Our results also provide novel insights into the role of the mOFC in decision-making. Using a model-based analysis, we show that value-differences exert a similar (if not stronger) effect on trial-wise drift rates in mOFC patients compared to controls, whereas the maximum drift rate v_max was of similar magnitude in the two groups. This is in line with an earlier report showing reduced preference consistency but no changes in overall RTs or the value-modulation of RTs in vmPFC patients⁴⁰. If one considers the overwhelming evidence of neuroimaging studies showing a prominent role of the vmPFC/mOFC in reward valuation^42,43, it is nonetheless striking that lesions to this region do not negatively impact the value-sensitivity of the evidence accumulation process during value-based decision-making. Our data are therefore more compatible with the idea that mOFC, likely in interaction with other regions^60,61, plays a role in self-control, such that lesions shift preferences towards options with a greater short-term appeal. Previous work has suggested that damage to vmPFC/mOFC might decrease the temporal stability of value representations, leading to inconsistent preferences^39–41. There was no evidence in the present data that mOFC patients’ decisions were more “noisy” or “erratic”. Similar to a previous study on temporal discounting³¹, choice consistency was high such that the best-fitting DDM_S accounted for about 90% of choices in both groups and tasks. Together with the intact value modulation of the drift rate, this suggests that value representations on a given trial⁴⁰ and throughout the course of testing sessions were stable in both groups. In contrast, results from both tasks revealed a substantial increase in non-decision times in the mOFC patient group. Together, these observations suggest that mOFC lesions lead to a slowing of more basic perceptual and/or response-related processes during value-based decision-making, while leaving the effects of value-differences on the evidence accumulation process strikingly intact.

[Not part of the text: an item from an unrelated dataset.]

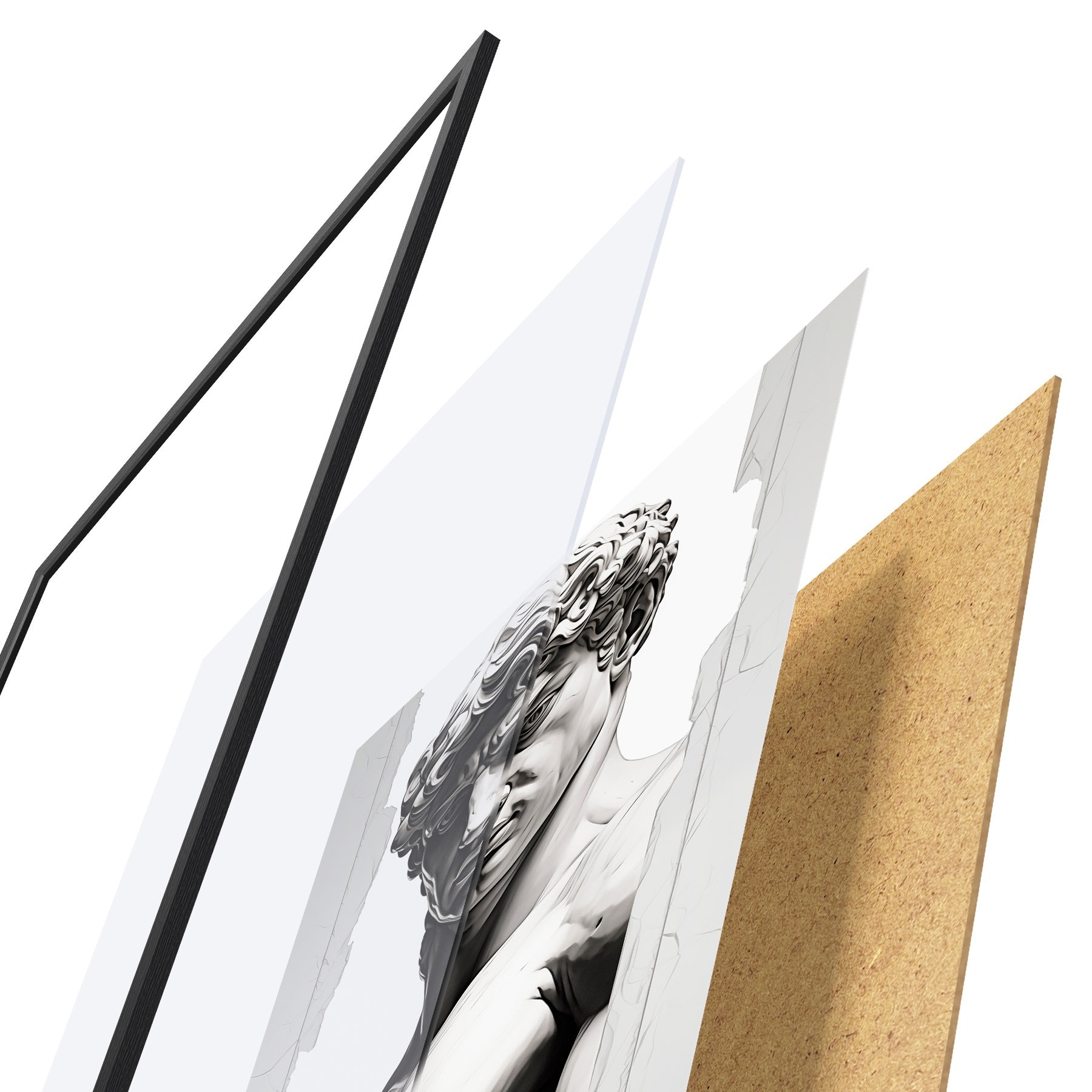 Das Poster besteht aus einem Rahmen, Plexiglas, einem gedruckten Bild und einer Rückwand aus Spanplatten. Dank der Halterungen auf der Rückseite kann das Poster sofort an die Wand gehängt werden.

Previous studies have shown increases in risky decision-making following vmPFC damage^33,35. Our finding of attenuated discounting over probabilities in mOFC patients is consistent with these previous results. However, our model-based analysis revealed an additional effect: mOFC patients also exhibited reduced response caution during risky choice, reflected in a reduced boundary separation parameter. In contrast, this was not observed for temporal discounting. This suggests that risk taking in mOFC patients might not only be driven by altered preferences, but also by more premature responding.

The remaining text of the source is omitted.